The Chorus Girl and Other Stories eBook

This eBook from the Gutenberg Project consists of approximately 268 pages of information about The Chorus Girl and Other Stories.

“I can’t, Kleopatra!” I said, feeling that a little more and I should give way.  “I cannot!”

“Why not?” my sister went on.  “Why not?  Well, if you can’t get on with the Head, look out for another post.  Why shouldn’t you get a situation on the railway, for instance?  I have just been talking to Anyuta Blagovo; she declares they would take you on the railway-line, and even promised to try and get a post for you.  For God’s sake, Misail, think a little!  Think a little, I implore you.”

We talked a little longer and I gave way.  I said that the thought of a job on the railway that was being constructed had never occurred to me, and that if she liked I was ready to try it.

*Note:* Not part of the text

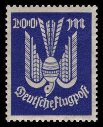 Keywords: DR 1923 267 Flugpost Holztaube.jpg / Briefmarkenbeschreibung de Flugpost-Markenserie Holztaube en airmail stamp series wooden dove Ausgabepreis 200 Mark First Day of Issue / Erstausgabetag Mai 1923 Michel-Katalog-Nr 267 Deutsches Reich scanned by NobbiP 2010-10-11 de Ernst Aufseeser 1880-1940 scanned by NobbiP copyright information PD-old-auto-1923 1940 PD-text PD in Germany due to age PD in US because central design element published before 1923 eg in File DR 1922 210 Flugpost Holztaube jpg; the remainder is ineligible for copyright <gallery> File DR 1923 263 Flugpost Holztaube jpg File DR 1923 264 Flugpost Holztaube jpg File DR 1923 265 Flugpost Holztaube jpg File DR 1923 266 Flugpost Holztaube jpg </gallery> Philately Holztaube Nennwert 200 Mark 1923-05 Aufseesser Buchdruck 267 Deutsches Reich Pigeons on stamps Airmail stamps 1923 stamps of Germany German stamps review keep Stamps by Ernst Aufseeser Birds on stamps of Germany |

She smiled joyfully through her tears and squeezed my hand, and then went on crying because she could not stop, while I went to the kitchen for some kerosene.

II

Among the devoted supporters of amateur theatricals, concerts and tableaux vivants for charitable objects the Azhogins, who lived in their own house in Great Dvoryansky Street, took a foremost place; they always provided the room, and took upon themselves all the troublesome arrangements and the expenses.  They were a family of wealthy landowners who had an estate of some nine thousand acres in the district and a capital house, but they did not care for the country, and lived winter and summer alike in the town.  The family consisted of the mother, a tall, spare, refined lady, with short hair, a short jacket, and a flat-looking skirt in the English fashion, and three daughters who, when they were spoken of, were called not by their names but simply:  the eldest, the middle, and the youngest.  They all had ugly sharp chins, and were short-sighted and round-shouldered.  They were dressed like their mother, they lisped disagreeably, and yet, in spite of that, infallibly took part in every performance and were continually doing something with a charitable object—­acting, reciting, singing.  They were very serious and never smiled, and even in a musical comedy they played without the faintest trace of gaiety, with a businesslike air, as though they were engaged in bookkeeping.

I loved our theatricals, especially the numerous, noisy, and rather incoherent rehearsals, after which they always gave a supper.  In the choice of the plays and the distribution of the parts I had no hand at all.  The post assigned to me lay behind the scenes.  I painted the scenes, copied out the parts, prompted, made up the actors’ faces; and I was entrusted, too, with various stage effects such as thunder, the singing of nightingales, and so on.  Since I had no proper social position and no decent clothes, at the rehearsals I held aloof from the rest in the shadows of the wings and maintained a shy silence.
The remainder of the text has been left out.